The mathematical formula for actual time-jumping, where (t) is easily derived from the speed of light in Einstein’s familiar E=MC2, has been pursued concurrently, albeit secretly, alongside the race to create snazzier atomic bombs. Since the scientists involved already bear a highly conflicted sense of human priorities, they’ve agreed long ago that the less we know about all this, the better.
Another fine MASINT acronym is called MAD (Magnetic Anomaly Detector). This refers specifically to magnetometers used to detect submarines, or track alien space craft, where magnetic moment displacement is ostensibly the main disturbance. Our UFO visitors are detectable, like Soviet all-titanium subs, even when oriented parallel to the Earth’s Magnetic field. At least it’s something.
But the military, one would hope, wants far more than just detecting deviations in the Earth’s magnetic field. If this was my MASINT facility I’d be tooling around with the long-range electric and electromagnetic forms that accompany the breach of the so-called time barrier. I’d imagine an electric field set-up that subsequently conducts itself regardless of variations of the physical environment. That’s so it can travel equally well through air, water and space. Just sayin.’

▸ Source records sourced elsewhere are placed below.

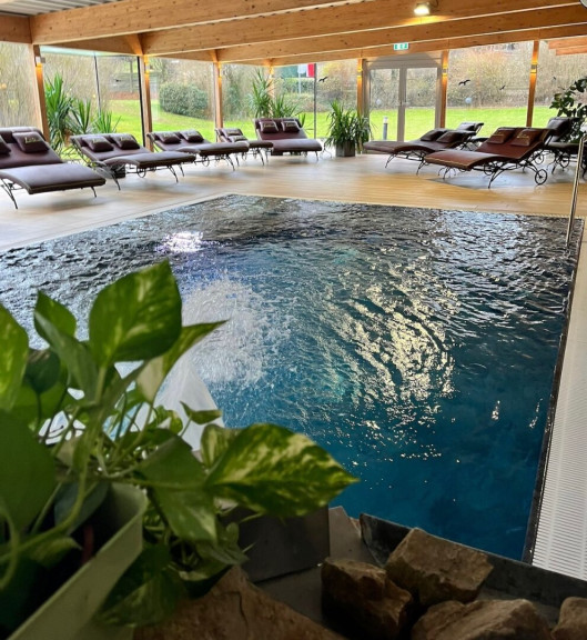 Der Wellnessbereich mit ca. 225 m² bietet einen Indoorpool, eine Saunalandschaft sowie großzügige Relaxzonen und rundet das Angebot für Erholungs- und Genusssuchende ab.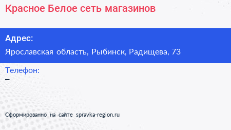 Красное & Белое, сеть магазинов по адресу Ярославская область, Рыбинск, Радищева, 73 в дальнейшем Организация, размещена в следующих категориях: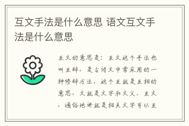互文的意思是:也叫互辞,是古诗文中常采用的一种修辞方法。互就是互相,文就是文字和文义。互文,通俗地讲就是相关文字可以互相省略也可以互相换交换,文义又互相补充,用来表达一个完整的意思的一种修辞。

This is one of the five signature performance features of alien craft. A listing of these features, all of which seem to violate the second law of thermodynamics, but don’t really when you have two material paradigms, will come later. Plus we can make guesses at a few they may be currently missing. In any case, UFO phenomena cannot be determined by a quantum statistical approach, as currently taught, any better than those made by classical theory. The important questions are not primarily empirical ones, but conceptual.
A two matter theory- one comprising the gross physical world and the other as finer quantum level stuff of the mind- changes everything. Two types of matter would end a great deal of confusion about the measuring of “impossible” macroscopic properties of alien technology. And what if the higher powers we see in UFOs are extrapolations of our own latent bio-capabilities?
A battle is raging. Will a carbon-based intelligence remain natural to humans? Will we keep our ecology balanced as a proof of actual, higher intelligence? Or has the allure of silicon-based intelligence already passed the point of no return?
There’s urgency behind the physicists’ cry for help. If we don’t recognize what’s what, our branch of human history is all but toast. That’s why finding this missing glue now extends to recreational thinkers of all stripes. I, for one, am starting at the simplest level of complexity we can assume for these two different kinds of matter. Make them identical except that matter in the A2 (as visible cosmos) exists in an incompressionable state while A1 (quantum matter as mental space) does not.
The physical universe is said to be infinitely expanding outwards. Is there a corresponding and counter-collapsing internal infinity we can to add to the mix to chart a new direction for science? Can we join Edward Lorenz’s discovery of the Butterfly Effect, to Feigenbaum’s calculation of a universal constant, and to Bennoit Mandelbrot’s concept of fractals, to plot an internalized geometry of information as reflected in our own perceptions of nature?